Collaborative Research: AF: Small: The Query Complexity of Linear Algebra

Mathematical problems involving matrices, such as systems of linear equations and eigenvalue problems, arise in a huge number of applications across machine learning, statistics, scientific computing, engineering, and beyond. More efficient algorithms for solving these problems can thus have widespread practical impact, significantly accelerating the pace of scientific discovery, decreasing the cost of data analysis, and facilitating simulations of large-scale, complex systems.

Developing efficient algorithms for matrix problems is the central goal of the field of numerical linear algebra. Unfortunately, it can often be difficult to understand the limits of algorithmic research. How close are the current best algorithms to being optimal?

Are there inherent barriers to developing faster algorithms? This project will tackle these questions by studying fast matrix algorithms through the lens of “query complexity”. Specifically, the goal is to develop algorithms that access, or “query”, the input matrix as few times as possible in order to solve a given problem.

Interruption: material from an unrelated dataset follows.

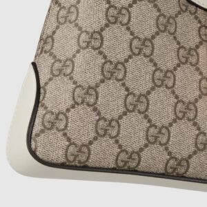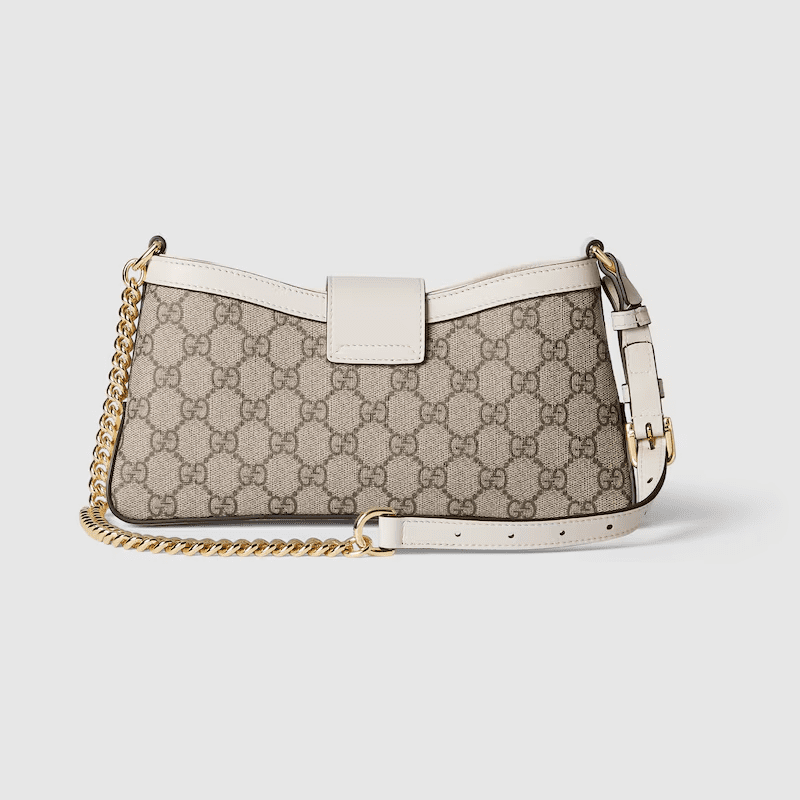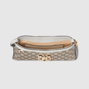 Drawing from the House’s origins as an artisanal luggage atelier, the Padlock closure features prominently on this small shoulder bag in beige and ebony GG Supreme canvas, with white leather trim, and a new adjustable leather and chain strap. It is complete with gold-toned hardware and key with leather holder.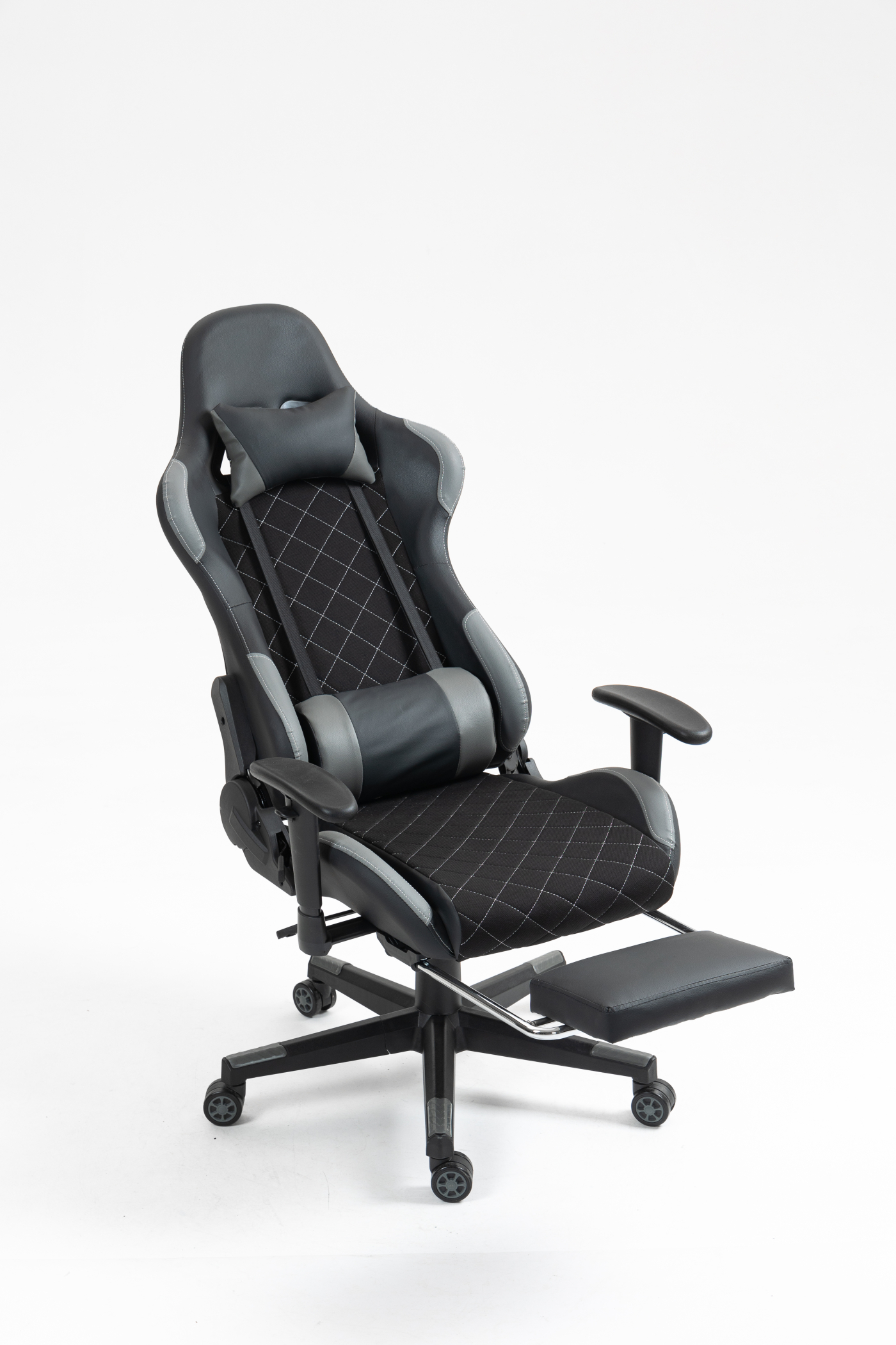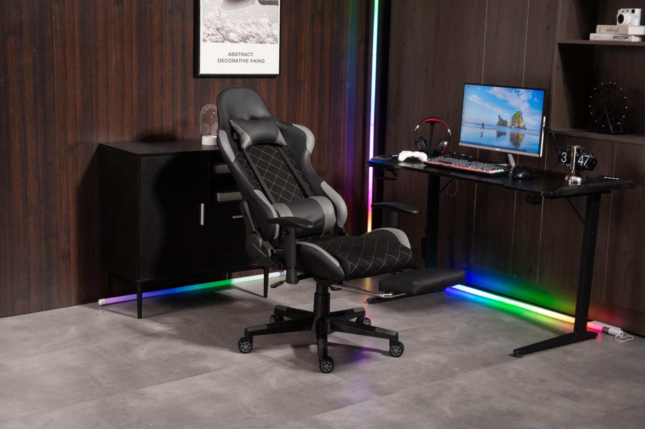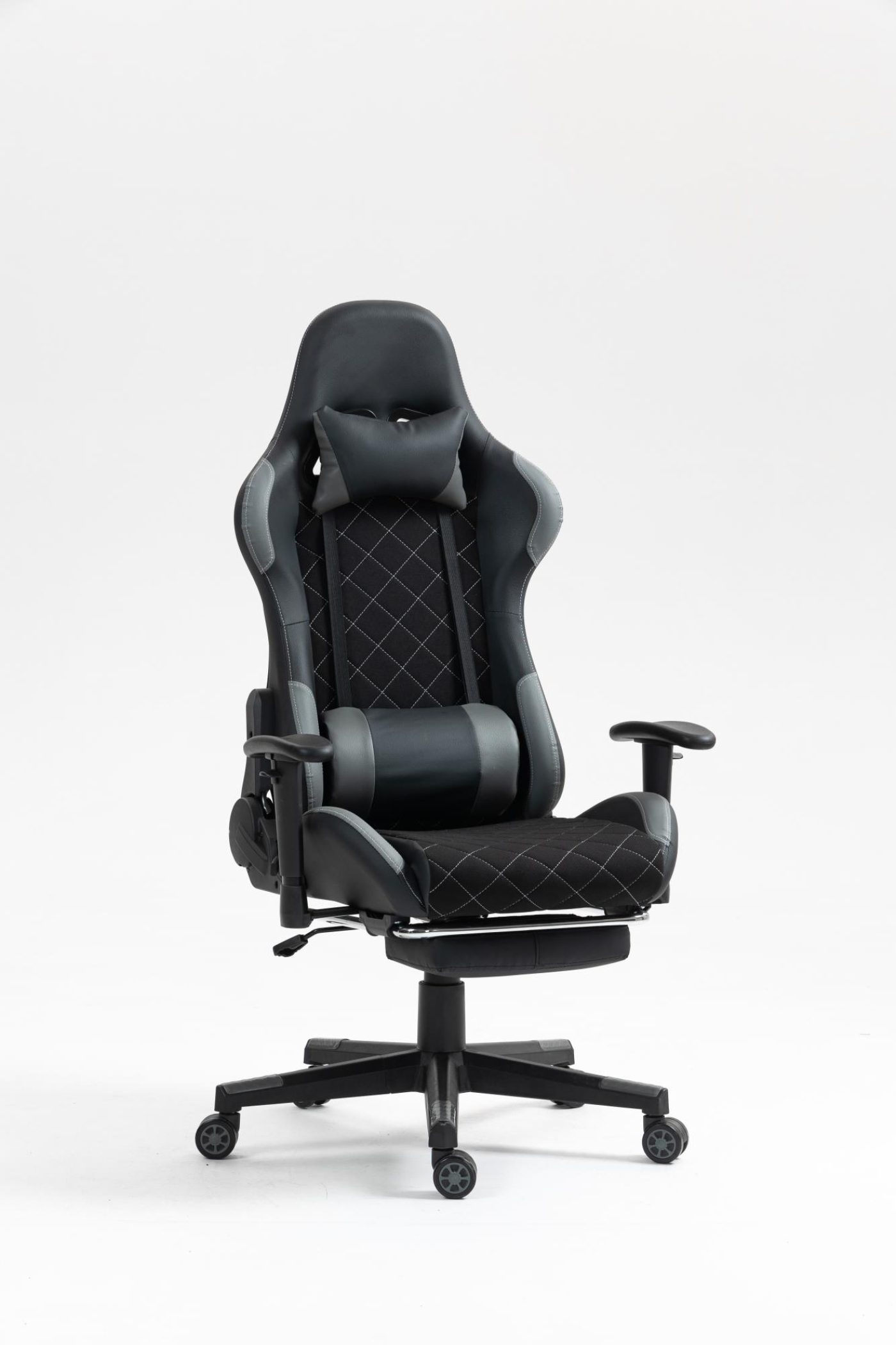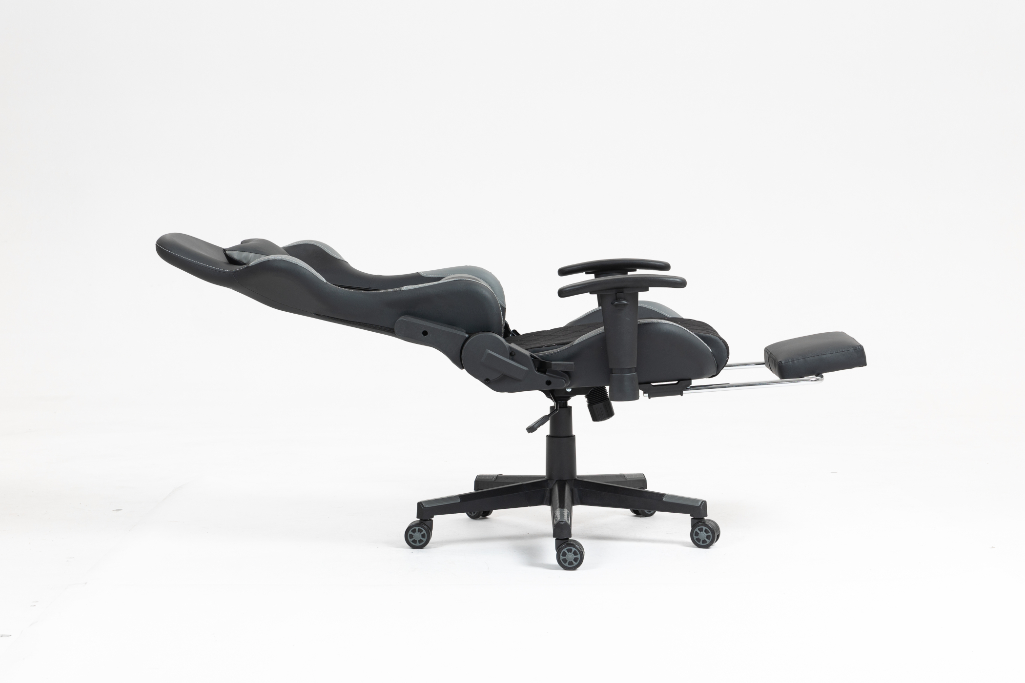 Ergonomische gamestoel met voetensteun – zwart met grijze afwerking

Algorithms with small query complexity are frequently efficient in practice, so focusing on query complexity will lead to the development of faster algorithms for applications. At the same time, unlike more general models of computation, it is often possible to prove impossibility results for query complexity, i.e., to show that no algorithm can solve a given problem with too small of query complexity.

Thus, the project will improve understanding of the limits of algorithmic research and of the optimality or sub-optimality of existing methods. The work will produce general-purpose algorithmic tools and lower-bound techniques that can be applied to algorithms research at large. The project will also expand the dialogue between research communities, including theoretical computer science, numerical analysis, and quantum computing communities.

Concretely, the research team will study linear algebraic computation through the lens of query complexity by 1) developing new, query-efficient algorithms for core matrix problems and 2) proving unconditional lower bounds on the number of queries required to solve these problems. The research will center on two important query models: entrywise matrix queries and matrix-vector product queries.

Entrywise queries are perhaps the simplest query model for linear algebraic computation, although the complexity of many basic problems in the model, from eigenvalue approximation to matrix norm computation, remains unresolved. By studying the model, the project will explore broad themes, such as the importance of randomness and query adaptivity, and the power of “augmented” entrywise query models that rise in quantum-inspired numerical linear algebra, spectral graph theory, and beyond.

The project’s second focus on matrix-vector product queries is motivated by the fact that matrix-vector products often dominate the runtime of linear algebraic methods in practice. As such, understanding the number of matrix-vector products required to solve central problems like structured matrix approximation, norm approximation, and spectral density estimation is a key goal.

The matrix-vector product model generalizes the widely studied matrix sketching and Krylov subspace models, so proving lower bounds in this model will require new techniques. Overall, the project will strengthen the theoretical foundations of computational linear algebra, with the goal of establishing query complexity as a central framework for developing faster algorithms and computational lower bounds.

This award reflects NSF's statutory mission and has been deemed worthy of support through evaluation using the Foundation's intellectual merit and broader impacts review criteria.